• **Task requirements**:
Your copy runs from the line containing "and your baby." through the last line of the listing, both included. Restate those lines word for word and leave out pictures.

[Opening Input data section]

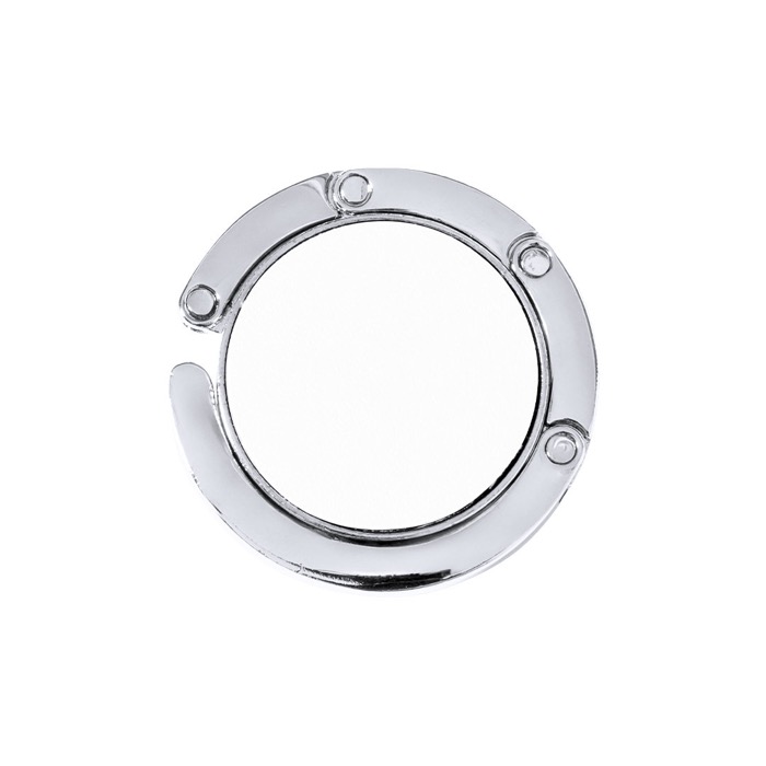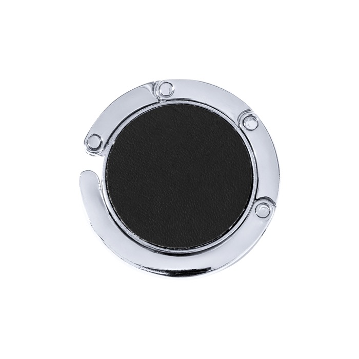 Cuelgabolsos metálico plegable con corona en polipiel de vivos colores. Este práctico accesorio es ideal para mantener los bolsos seguros y al alcance de la mano. Con un tamaño compacto de 3.3Ø x 8 cm, se presenta en un elegante estuche individual con interior troquelado, lo que facilita su almacenamiento y transporte. La superficie superior permite la personalización con el logo de la empresa, ya sea a color o grabado a láser, convirtiéndolo en un regalo corporativo atractivo. Suministrado en una bolsa y caja negra individual, es perfecto para eventos empresariales o como detalle promocional en campañas de marketing.
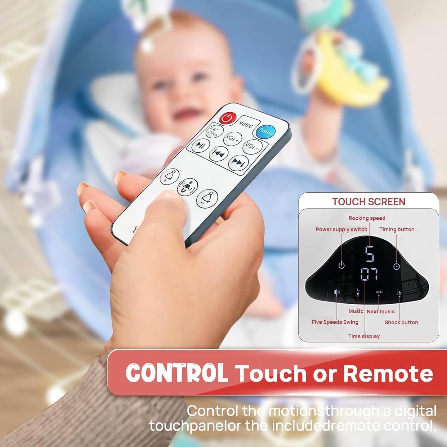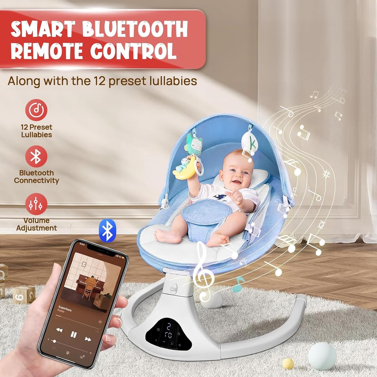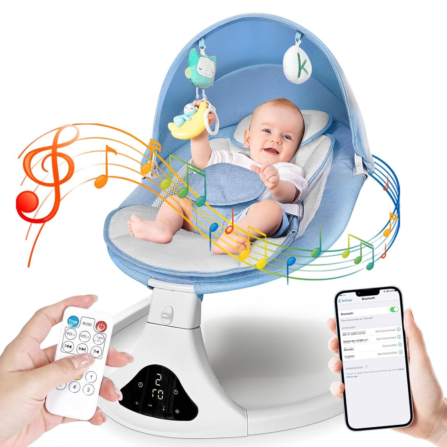 【Bluetooth Player Function】This baby swing features a built-in Bluetooth speaker, allowing you to enjoy your favorite music wirelessly from your smartphone.The speaker delivers clear and immersive sound, creating a relaxing and enjoyable atmosphere for you and your baby.
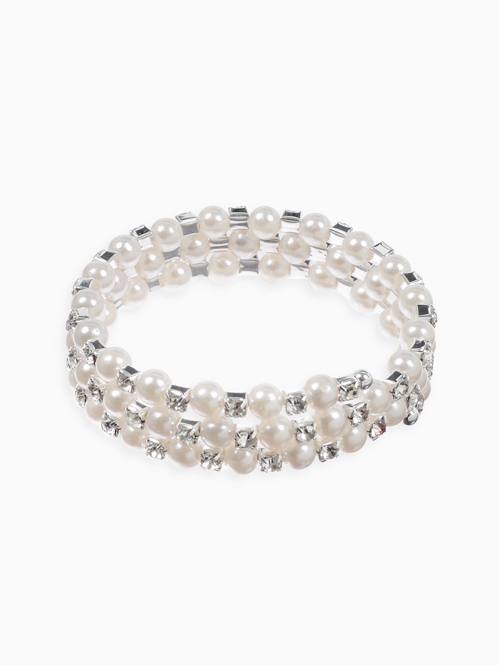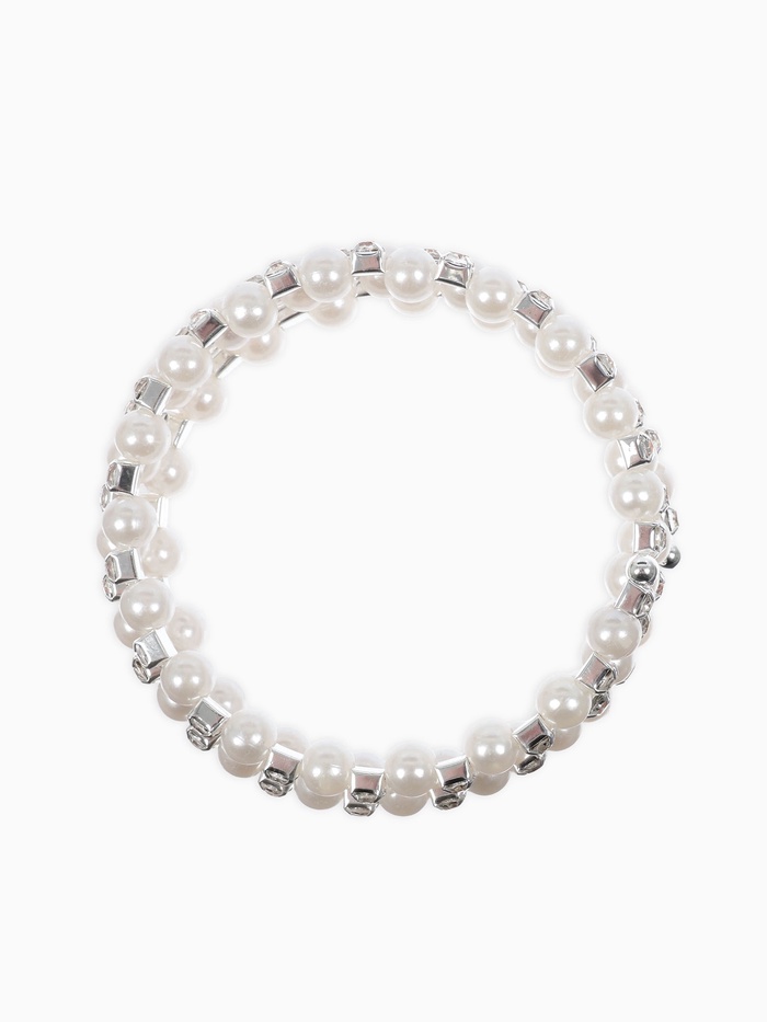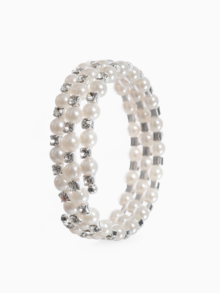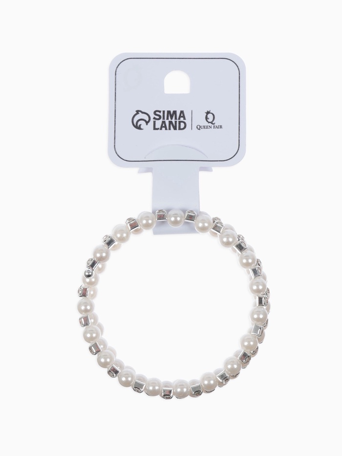 Металлическая основа с серебристым покрытием гармонично сочетается с белыми пластиковыми жемчужинами и аккуратными стразами, создавая утончённый блеск и легкий эффект мерцания. Такой браслет — универсальный выбор как для повседневного ношения, так и для торжественных мероприятий.
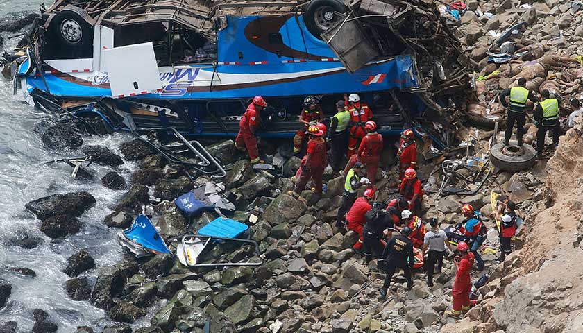 事发时接近中午,这辆大巴正载着57人开往秘鲁首都利马。在高速路上一段狭窄地段行驶时,大巴被一辆拖拉机拖车撞上,滚下斜坡。报道称,6名幸存者已被送往附近医院。

[Closing Input data section]

• **Problem solution**:
 【Bluetooth Player Function】This baby swing features a built-in Bluetooth speaker, allowing you to enjoy your favorite music wirelessly from your smartphone.The speaker delivers clear and immersive sound, creating a relaxing and enjoyable atmosphere for you and your baby.
 Металлическая основа с серебристым покрытием гармонично сочетается с белыми пластиковыми жемчужинами и аккуратными стразами, создавая утончённый блеск и легкий эффект мерцания. Такой браслет — универсальный выбор как для повседневного ношения, так и для торжественных мероприятий.
 事发时接近中午,这辆大巴正载着57人开往秘鲁首都利马。在高速路上一段狭窄地段行驶时,大巴被一辆拖拉机拖车撞上,滚下斜坡。报道称,6名幸存者已被送往附近医院。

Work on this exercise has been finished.